◆ YOUR OBJECTIVE ◆
Output range, inclusive: from the line containing "Kortet för den" to the line containing "Zara black scuba". Restate those lines from the data below word for word and only those.

◆ DATA SHOWN ◆
^^^^^^^^^^^^^^^^
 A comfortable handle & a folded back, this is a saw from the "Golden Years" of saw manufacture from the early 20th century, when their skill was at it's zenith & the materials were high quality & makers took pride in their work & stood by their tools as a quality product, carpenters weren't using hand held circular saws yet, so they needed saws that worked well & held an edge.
^^^^^^^^^^^^^^^^
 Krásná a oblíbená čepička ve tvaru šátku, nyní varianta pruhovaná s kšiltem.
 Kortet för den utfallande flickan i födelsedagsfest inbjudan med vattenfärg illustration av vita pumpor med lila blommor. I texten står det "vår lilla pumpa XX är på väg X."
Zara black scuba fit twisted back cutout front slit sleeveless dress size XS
^^^^^^^^^^^^^^^^
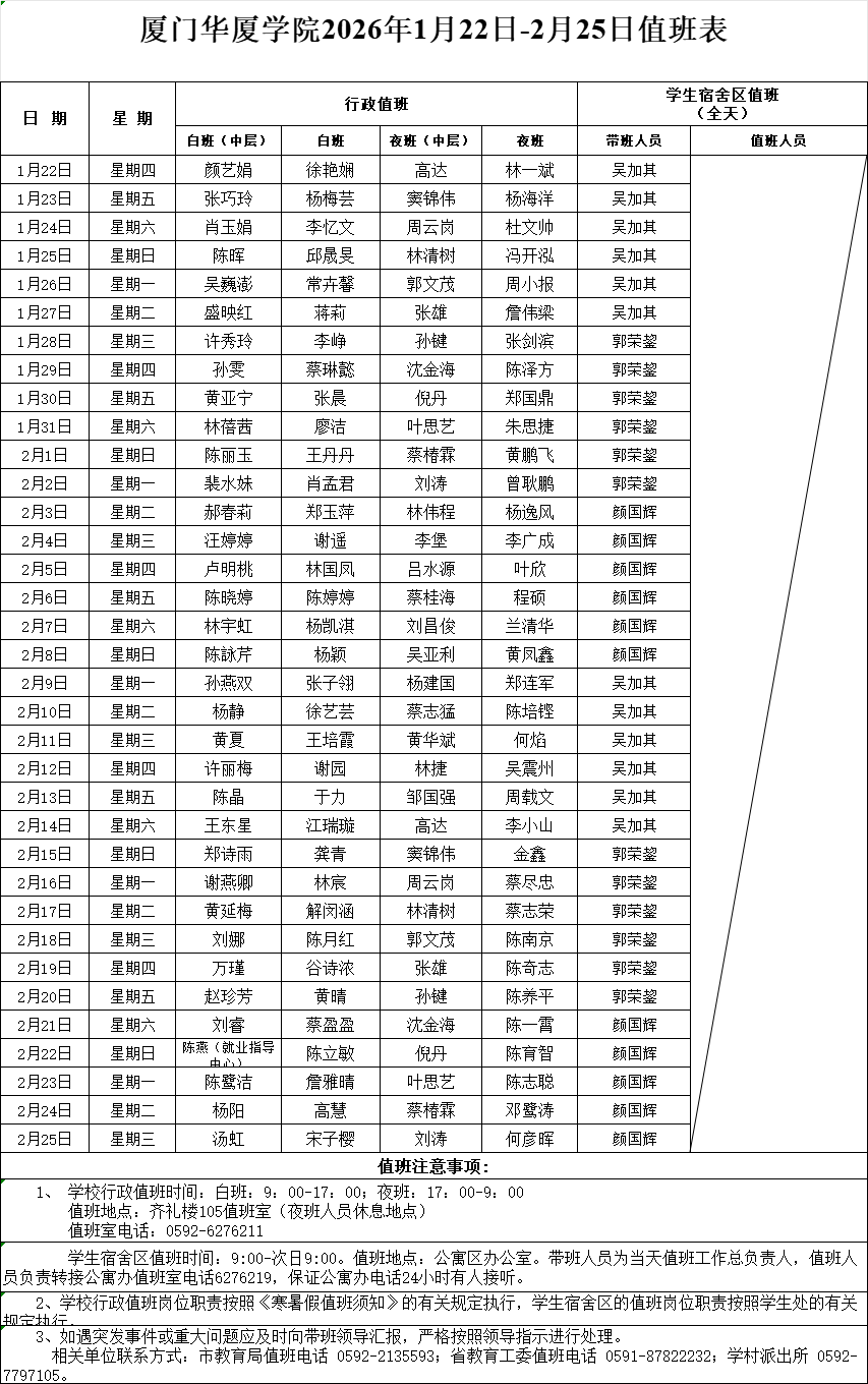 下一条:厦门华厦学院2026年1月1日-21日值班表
^^^^^^^^^^^^^^^^
◆ EXERCISE ANSWER ◆
 Kortet för den utfallande flickan i födelsedagsfest inbjudan med vattenfärg illustration av vita pumpor med lila blommor. I texten står det "vår lilla pumpa XX är på väg X."
Zara black scuba fit twisted back cutout front slit sleeveless dress size XS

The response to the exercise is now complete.